◆ What to produce
Reproduce, exactly and only, the lines of the data that follows from the one containing "The wound on" down to the one containing "The oversize front", without pictures.

START Records for this task

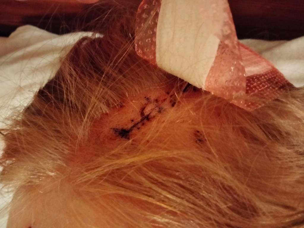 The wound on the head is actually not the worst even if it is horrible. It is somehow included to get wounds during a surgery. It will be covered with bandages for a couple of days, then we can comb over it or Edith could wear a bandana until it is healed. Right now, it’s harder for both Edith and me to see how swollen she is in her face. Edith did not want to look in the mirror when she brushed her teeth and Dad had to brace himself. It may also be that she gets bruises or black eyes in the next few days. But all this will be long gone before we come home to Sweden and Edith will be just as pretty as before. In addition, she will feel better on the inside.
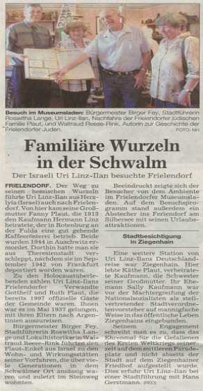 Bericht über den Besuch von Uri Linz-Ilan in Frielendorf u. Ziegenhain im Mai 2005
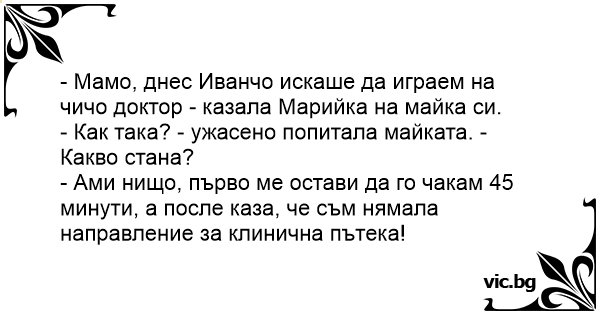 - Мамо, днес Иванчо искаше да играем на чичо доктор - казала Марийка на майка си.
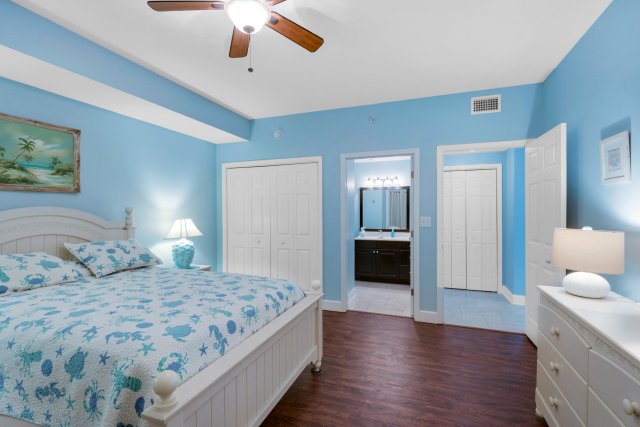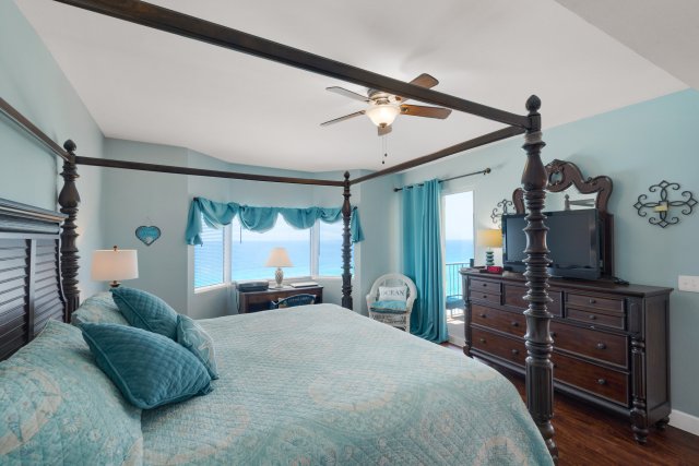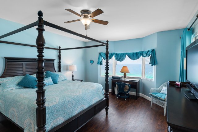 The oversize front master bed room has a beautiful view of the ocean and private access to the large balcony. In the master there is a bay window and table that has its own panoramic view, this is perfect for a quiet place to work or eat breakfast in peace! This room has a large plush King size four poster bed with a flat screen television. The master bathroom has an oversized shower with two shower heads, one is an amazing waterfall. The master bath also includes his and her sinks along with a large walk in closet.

END Records for this task
START Records for this task

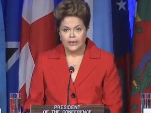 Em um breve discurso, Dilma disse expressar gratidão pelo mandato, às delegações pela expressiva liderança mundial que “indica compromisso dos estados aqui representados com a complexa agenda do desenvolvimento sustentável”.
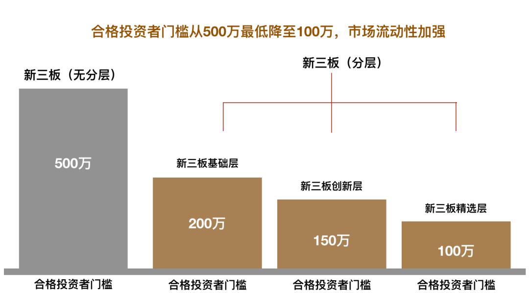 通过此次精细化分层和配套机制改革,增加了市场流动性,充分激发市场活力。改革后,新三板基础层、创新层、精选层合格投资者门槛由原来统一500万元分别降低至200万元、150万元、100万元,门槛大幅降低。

END Records for this task

◆ Response below
 The wound on the head is actually not the worst even if it is horrible. It is somehow included to get wounds during a surgery. It will be covered with bandages for a couple of days, then we can comb over it or Edith could wear a bandana until it is healed. Right now, it’s harder for both Edith and me to see how swollen she is in her face. Edith did not want to look in the mirror when she brushed her teeth and Dad had to brace himself. It may also be that she gets bruises or black eyes in the next few days. But all this will be long gone before we come home to Sweden and Edith will be just as pretty as before. In addition, she will feel better on the inside.
 Bericht über den Besuch von Uri Linz-Ilan in Frielendorf u. Ziegenhain im Mai 2005
 - Мамо, днес Иванчо искаше да играем на чичо доктор - казала Марийка на майка си.
 The oversize front master bed room has a beautiful view of the ocean and private access to the large balcony. In the master there is a bay window and table that has its own panoramic view, this is perfect for a quiet place to work or eat breakfast in peace! This room has a large plush King size four poster bed with a flat screen television. The master bathroom has an oversized shower with two shower heads, one is an amazing waterfall. The master bath also includes his and her sinks along with a large walk in closet.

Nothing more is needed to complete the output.